Andy también es conocido por sus blogs y videos de comida y, a pesar de toda esa comida, se mantiene delgado y en forma, como si siguiera una dieta saludable. Entonces, si está buscando el plan de dieta y entrenamiento de Andy Allen, siga leyendo.
Medidas corporales: altura, peso
Altura | 5 pies 10 pulgadas (aproximadamente) |
Peso | 75-78 kg (aproximadamente) |
Años | 33 años |
Cofre | 42 pulgadas |
Cintura | 32 pulgadas |
Bíceps | 14 pulgadas |
Andy Allen: plan de dieta
Andy Allen solo come alimentos orgánicos, ya sea pescado o pollo; cuando se trata de comida, Andy Allen no come nada más que orgánico. En cuanto a la dieta, no he encontrado nada específico. “La vida se trata de equilibrio”, dice Andy.
Por eso, cada vez que consume alimentos poco saludables, se asegura de seguir con una comida sana y nutritiva. Entonces, dado que no estoy seguro de qué dieta recomendar para un chef, sugeriré mi dieta de ayuno intermitente esencial, que incluye un ayuno de 16 horas y una ventana para comer de 8 horas.
La dieta de Andy Allen consiste en lo siguiente:
Comida 1 (mediodía)
- Pechuga de pollo
- Arroz
- Verduras
Bocadillo
- Batido de frutas
Comida 2 (4 pm)
- Pollo/pavo o lentejas
- Arroz
- Ensalada
Comida 3 (19:30 h)
- salmón o atún
- Ensalada
- Verduras
Andy Allen: plan de entrenamiento
Andy Allen es un chef profesional que está constantemente en busca de nuevos alimentos. Andy también trabaja para programas de televisión, que requieren que coma en varios lugares y pruebe una variedad de alimentos poco saludables. Entonces, ¿cómo se mantiene Andy tan delgado cuando come tantas cosas y tiene diferentes tipos de alimentos todos los días?
Para encontrar la respuesta a la pregunta, me encontré con este artículo en el que Andy da una entrevista y comenta cuánto le gusta hacer ejercicio.

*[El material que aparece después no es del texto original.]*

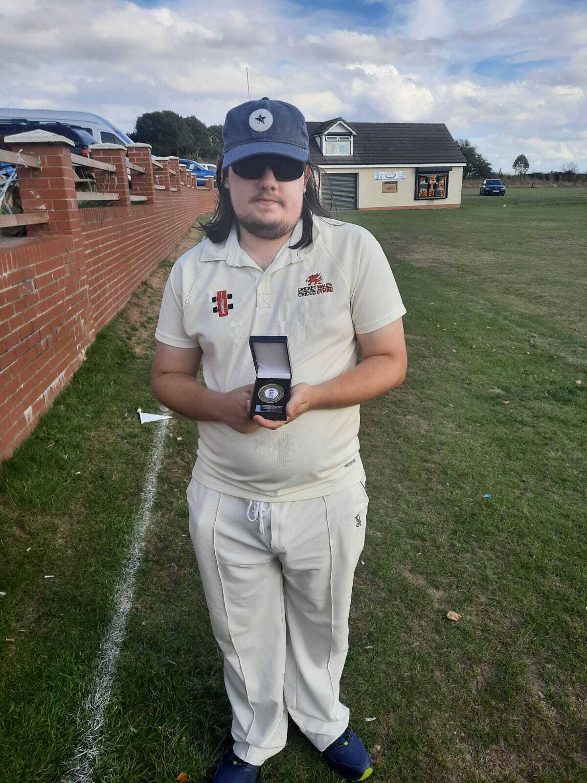 18-year-old Matthew Kennedy from Old Colwyn – along with his teammates – were presented with their caps by representatives from Cricket Wales after coming runners-up in a county championship competition.
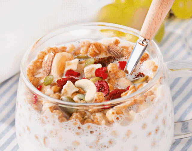 早餐是每天很重要的一餐,但是又常常由于忙碌,重要的卻往往不重視。美好的一天就從簡單而又美味的水果燕麥片開始,合二為一的水果麥片作為早餐,營養又美味。 水果麥片亮點在于將兩類原本營養價值不低的食物聯姻,使得營養素的種類更齊全。水果麥片中所添加的燕麥、黑麥、小麥、大麥等,維生素尤其是B族維生素和維生素E含量很高,且膳食纖維含量豐富,尤其是燕麥含有的特殊膳食纖維----β-葡聚糖,是一種具有降低膳食中脂肪的吸收、吸附多余的膽固醇等多種保健價值的成分
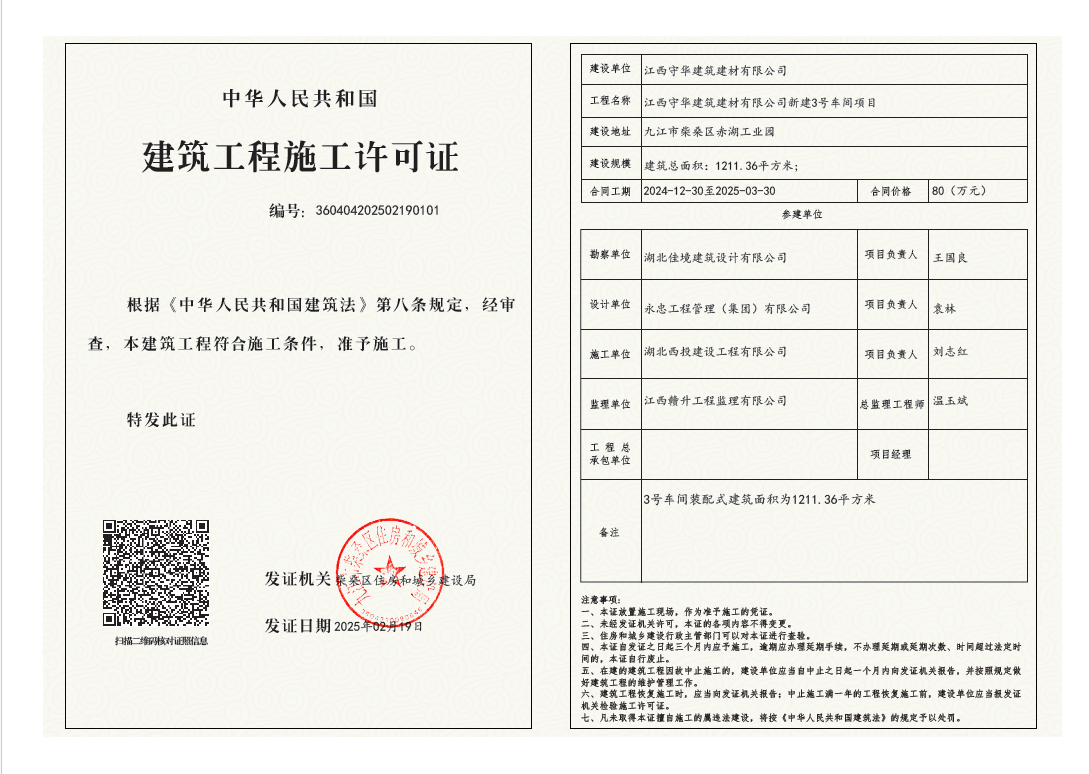 核发江西守华建筑建材有限公司新建3号车间项目建筑工程施工许可证
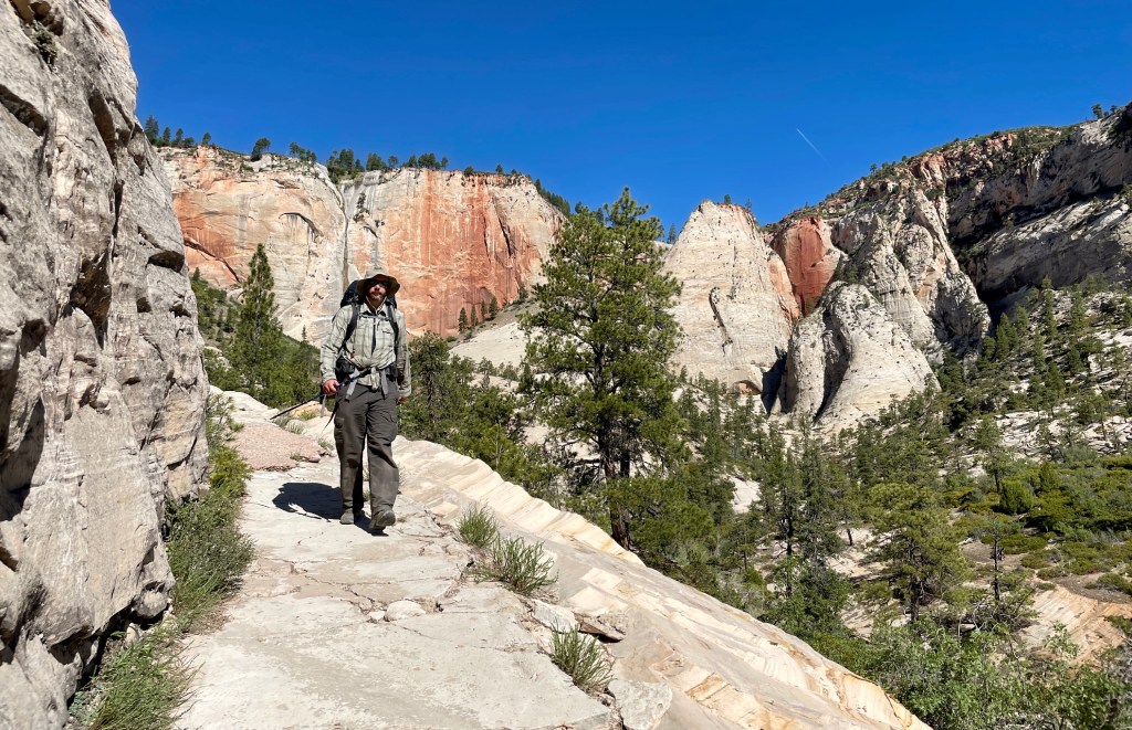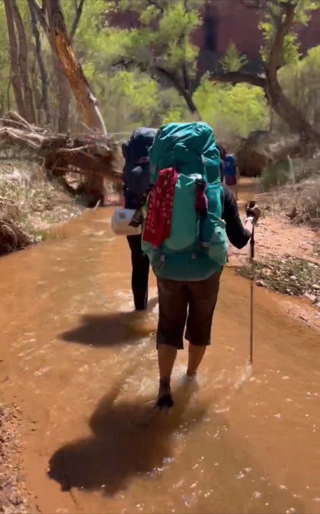 The hike from the Jacob Hamblin TH (tanks/sneaker) starts out for the first half mile over sand. The trail is very intuitive. You can clearly see the path most taken. After you’ll hit slick rock and be looking for cairn stones. You’ll rollercoaster, but the cairn stones are fairly close together and easy to spot. I still highly recommend gps. Being out in this area it’s easy to understand how people get lost in the desert. Everything looks the same. It’s hot and unforgiving above the canyon. Even in early spring the temps were brutal. There are no water sources until you get to the bottom of the canyon. We burned through a liter a person just doing the short 1.8 mile hike to where you’ll drop into the canyon. As I said, it’s hot AF.
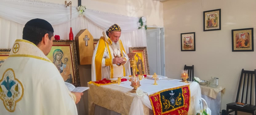 Seguidamente, el arzobispo presidió la celebración de la divina liturgia. Concelebró el padre Francis, párroco local. Se celebró el rito solemne de la liturgia.
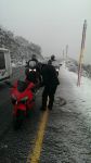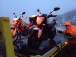 Snowing, Could not see the road, Glad they had yellow lines, Kept us on the road, Two bikes didnt make it, Had to be flatbedded over the top,
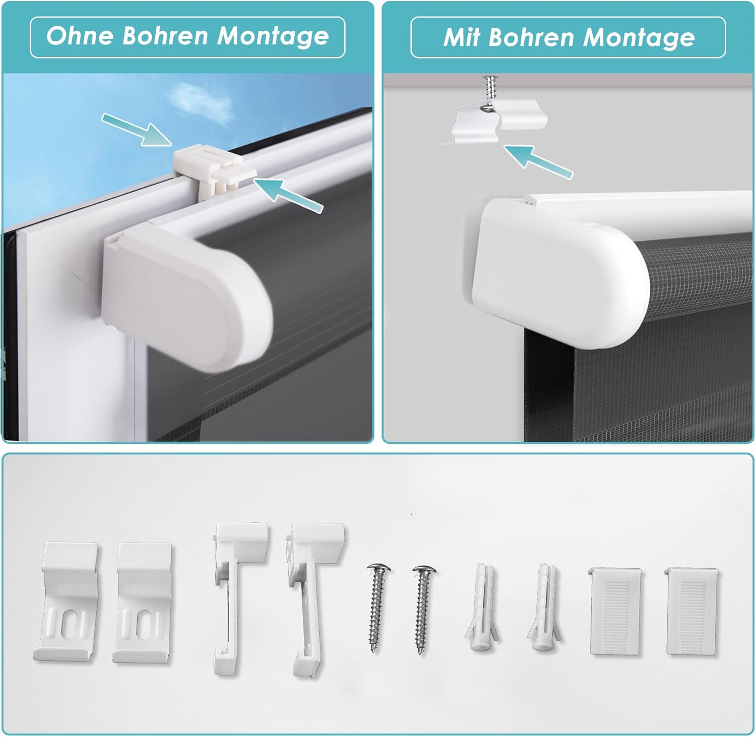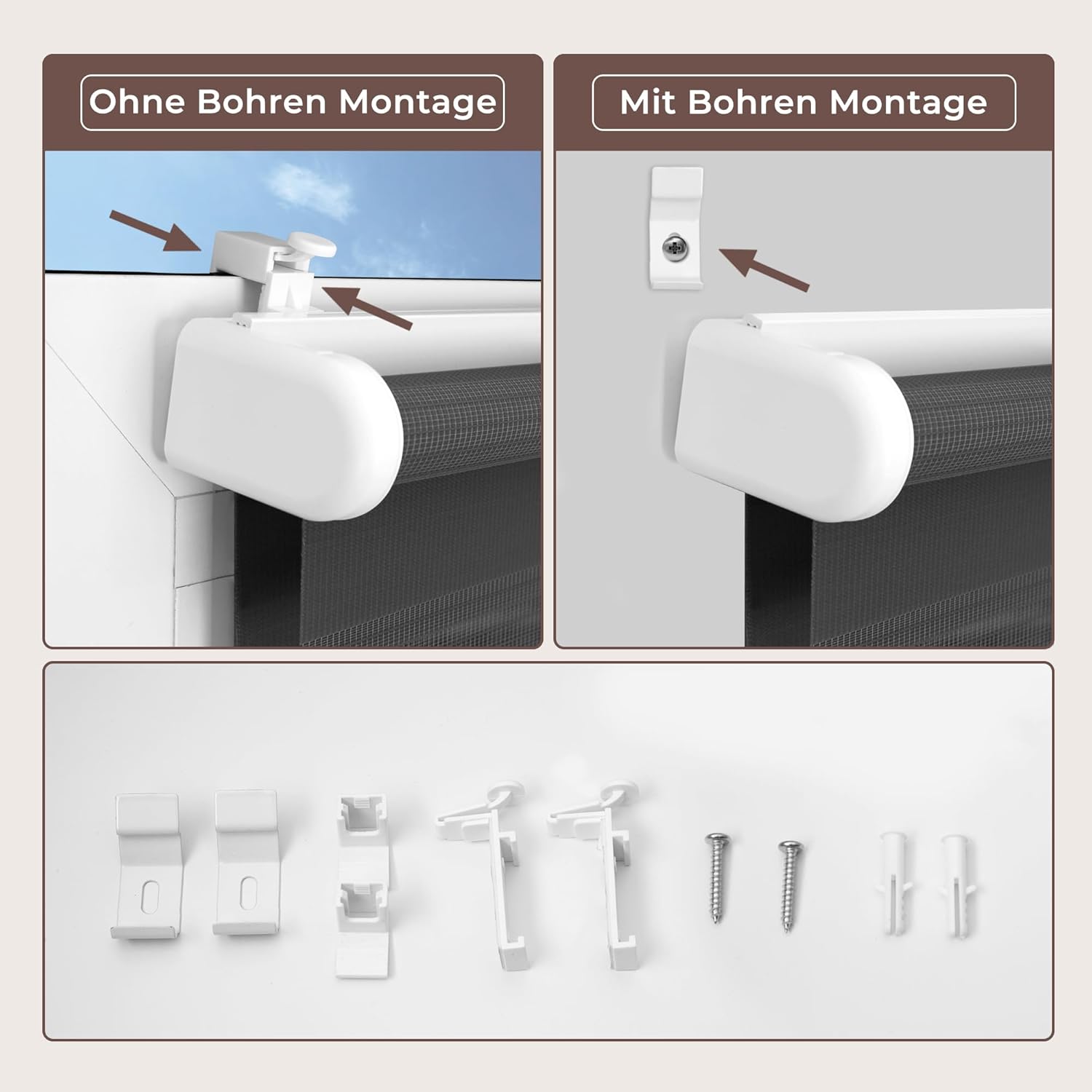 - ăMontage Rollo Ohne bohren & Mit Bohrenăâ¶. Ohne Bohren: Wegen seiner verstellbaren KlemmtrĂ€ger ist das komfortable Rollo ganz einfach am Fensterrahmen. â·. Mit Bohren: mit den mitgelieferten Schrauben an der Wand oder Decke befestigen. Die
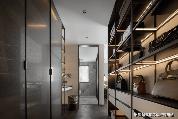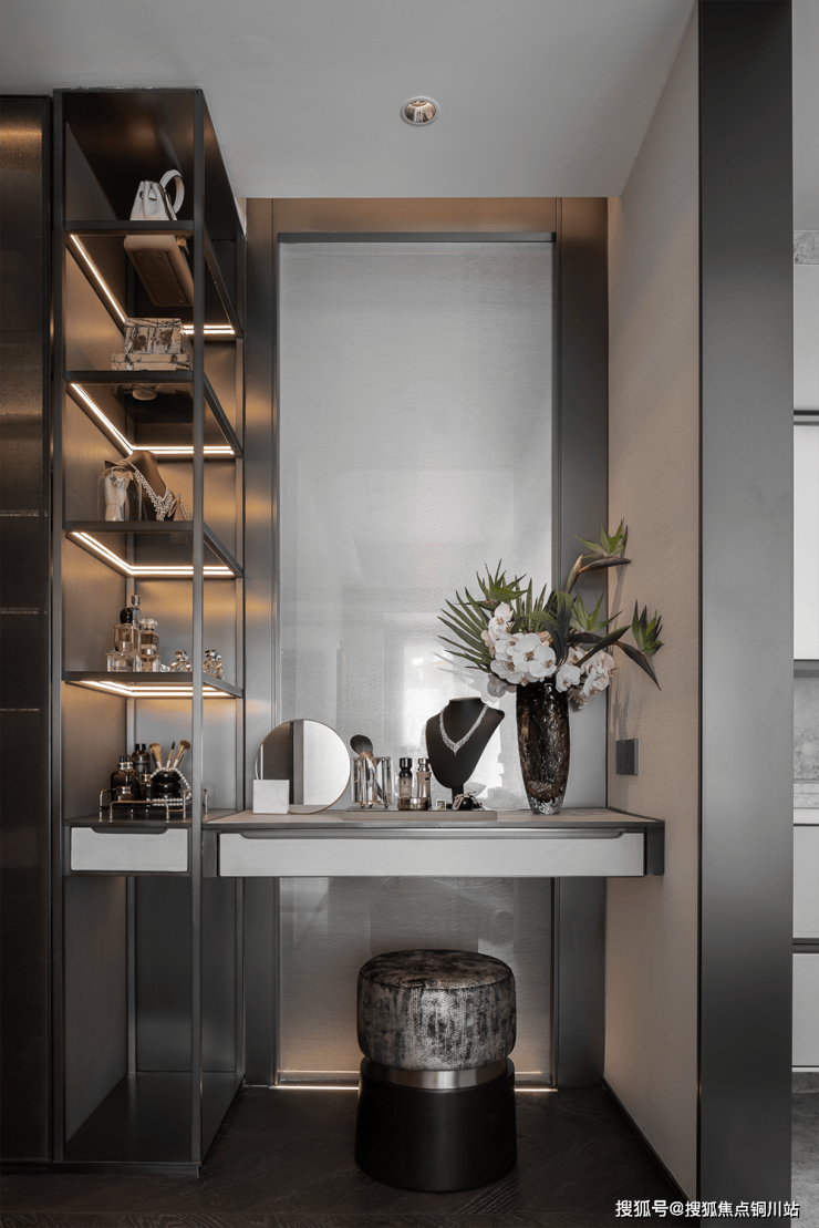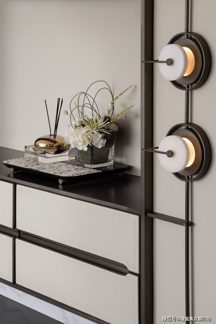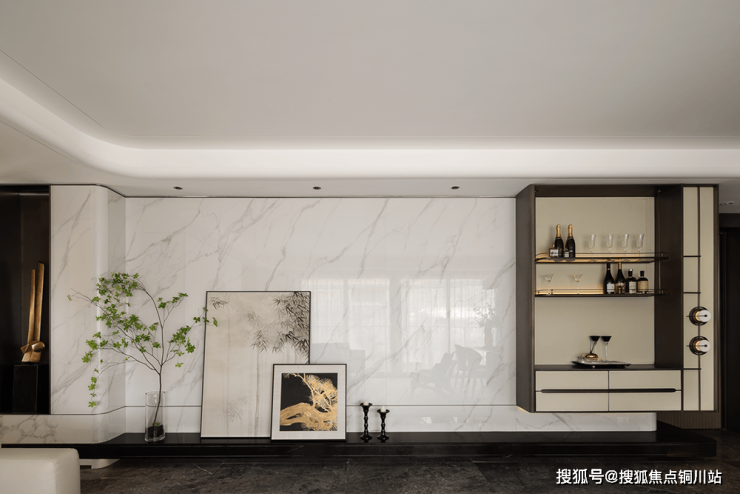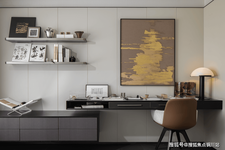 书架高低错落,暗示层次;古铜饰线,映衬木质面层板,碰撞出简奢的空间调性。
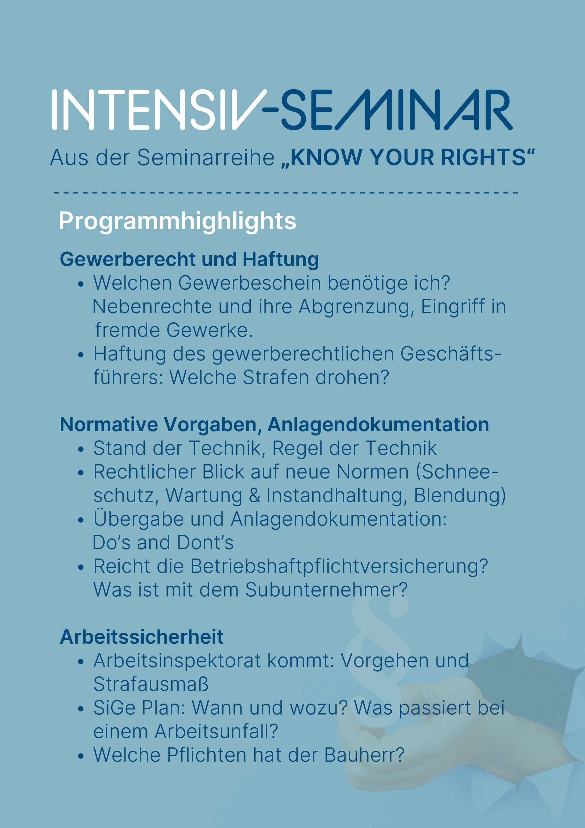 Intensiv-Seminar: Rechtliche Pflichten im Projektablauf: Gewerberecht, Normen und Arbeitssicherheit 10.06.2026 (ohne Mitgliedschaft)
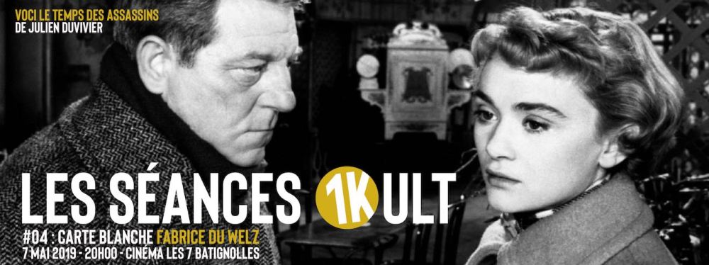 Les Séances 1Kult, ce sont des films bizarres, inclassables, fous, atypiques, dans la lignée de ce dont je traitais sur le site. Or, contrairement aux tentatives précédentes de rendez-vous de ce type, j’ai décidé de systématiser la présence d’un invité. Pour la prochaine, qui se déroulera le 7 mai prochain, c’est cette fois Fabrice du Welz (Calvaire, Vinyan, Adoration), qui a choisi Voici le temps des assassins de Julien Duvivier. On ne cesse depuis quelques années de redécouvrir le réalisateur, qui a de plus en plus les honneurs de la haute définition. C’est donc la copie restaurée par Pathé en 2016 qui sera projetée, et bien évidemment le film sera présenté par Fabrice du Welz.
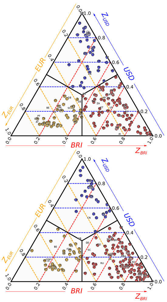 Distribution of countries’ TCP scores for 2010 (top) and 2019 (bottom). A country is represented by a circle. Colors are associated with TCPs: blue for USD, gold for EUR and red for BRI. The coordinate is read along the dashed blue horizontal lines, the coordinate along the gold dashed oblique lines and the coordinate along the red dashed oblique lines.
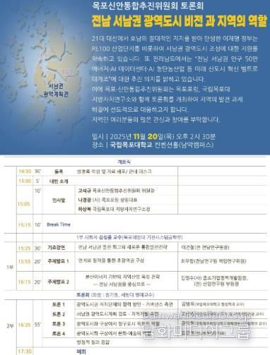고석규 위원장은 “서남권의 큰 미래 구상 속에서 목포와 신안이 어떤 비전과 협력 모델을 갖춰야 하는지 함께 고민하는 의미 있는 자리”라며 “지역민의 관심과 참여가 서남권 공동발전의 중요한 출발점이 될 것”이라고 강조했다.
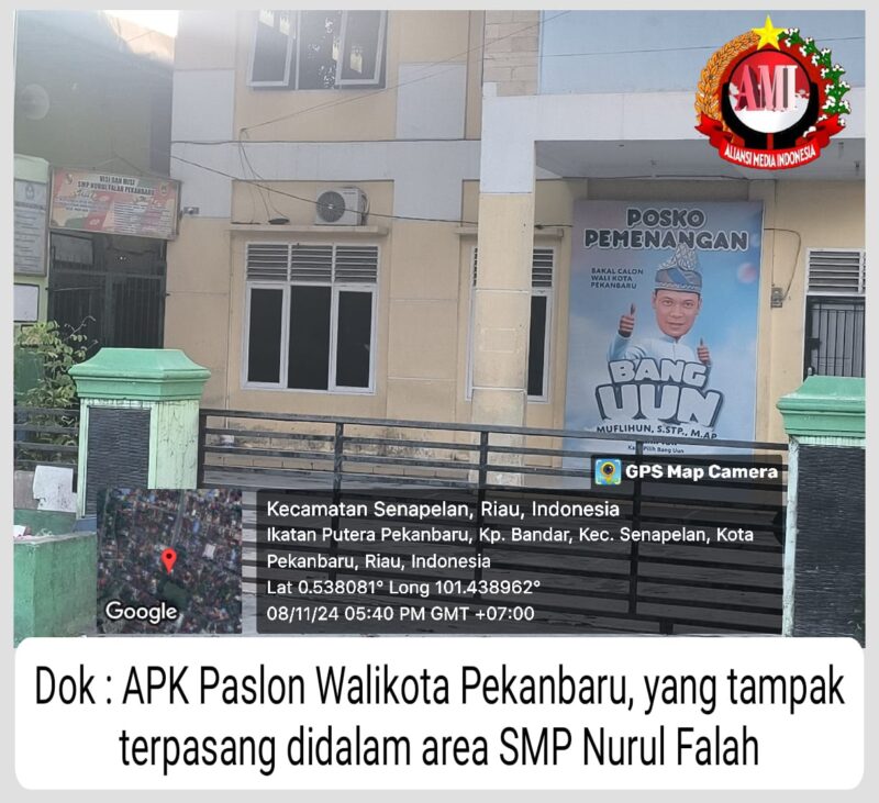 Berdasarkan informasi dan hasil investigasi dilapangan yang diperoleh awak media, dimana salah satu team Paslon Walikota Pekanbaru diduga memasang alat peraga Kampanye didalam area satuan pendidikan yang ada di Pekanbaru salah satunya di SMP Nurul Falah yang berlokasikan Jl Panglima Undan kecamatan Senapelan kota Pekanbaru.Jum’at (8/11/2024)
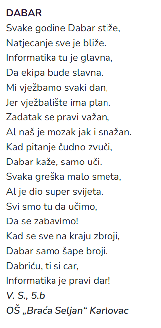 Šećer na kraju je učenica Vanessa Sertić iz 5.b razreda koja je svojim sudjelovanjem u natjecanju Dabar u stihovima osvojila nagradu.
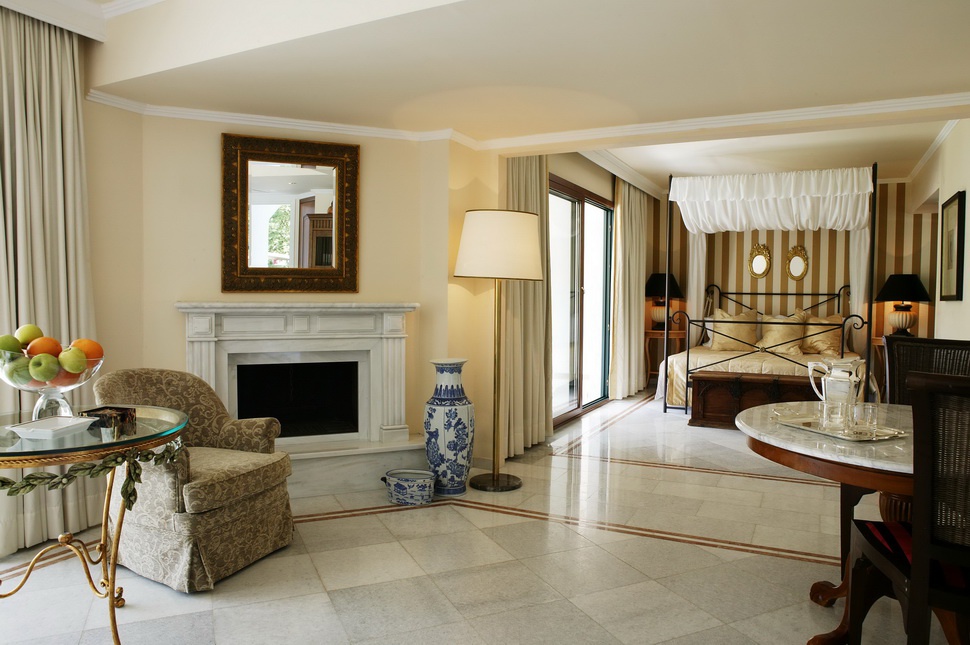 75 кв. м. Шикарний люкс складається зі спальні з великим двоспальним ліжком, вітальні відкритого плану з мармуровим каміном, двох мармурових ванних кімнат (одна з них з окремим душем і вбиральнею), тераси з зоною відпочинку. Розміщення: 2 особи.
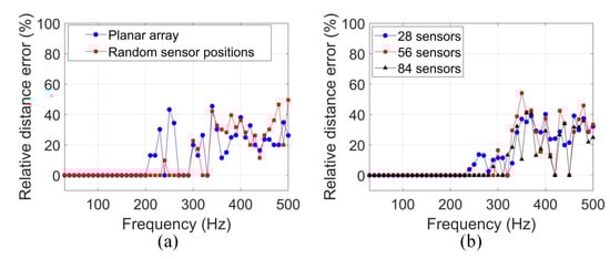 Figure 9 by varying the number of sensors. The results, obtained by averaging 50 independent trials with random sensor positions, showed that increasing the number of sensors is an effective method for enhancing the performance of the proposed approach. This improvement is evidenced by an increase in the upper frequency limit and a reduction in the relative distance error.

Andy no habló sobre su ejercicio regular en esa entrevista, pero nos dio un entrenamiento de peso corporal en casa de 20 minutos. Andy hizo este entrenamiento durante su cuarentena. Todo lo que tienes que hacer es terminar cinco series de los siguientes ejercicios:
- Flexiones x 20 repeticiones
- Sentadillas x 20 repeticiones
- Burpees x 10 repeticiones
- Fondos en silla x 10 repeticiones
- Plancha x 60 segundos
Aunque Andy afirma que este ejercicio mantiene su cuerpo activo, se pueden agregar otros ejercicios. Creo que muchas personas que requieren resultados de una etapa física diferente a la de Andy necesitarán agregar más ejercicios a esta rutina. Como resultado, incorporaré un buen entrenamiento con pesas y una rutina cardiovascular. Sin embargo, si está casi en la forma de Andy, puede omitir el entrenamiento con pesas y ceñirse a la rutina de peso corporal.
El entrenamiento de Andy Allen incluye lo siguiente:
Levantamiento de pesas
Se combinarán cuatro días de entrenamientos mixtos de entrenamiento con pesas. Sin embargo, debido a que no estamos buscando mucho volumen aquí, no se tome demasiado tiempo entre series.
Conjuntos: 4
Representantes: 15,12,10,8
lunes
- Lagartijas
- dominadas
- prensa de banco
- Aperturas con mancuernas
- Jalones dorsales
- filas de cables
- Presa de hombro
- Elevaciones laterales
- se encoge de hombros
martes
- sentadillas
- Sentadillas con salto
- sentadillas ponderadas
- Sentadillas frontales con barra
- prensa de piernas
- estocadas
- Extensión de pierna
- Peso muerto con piernas rígidas
jueves
- Flexiones con agarre ancho
- flexiones de diamantes
- Curl de bíceps con mancuernas
- Rizos de barra
- Rizos de martillo
- Empujes de tríceps
- Press de banca de tríceps
- Patadas de tríceps con mancuernas
viernes
- sentadillas en maquina smith
- Hackear sentadillas
- estocadas crujientes
- Empuje hacia abajo con una sola pierna
- Propulsores de cadera
- Abducción de cadera
- Levantamiento de pantorrillas
- Hiperextensión
Cardio HIIT
Días de entrenamiento: lunes, martes, jueves y viernes
Estaremos haciendo 30 minutos de cardio aquí. Haremos un entrenamiento HIIT durante unos 30 minutos en esta rutina, que incluirá 15 minutos de carrera y 15 minutos de hidroremo, con un minuto de velocidad moderada y 30 segundos de sprint.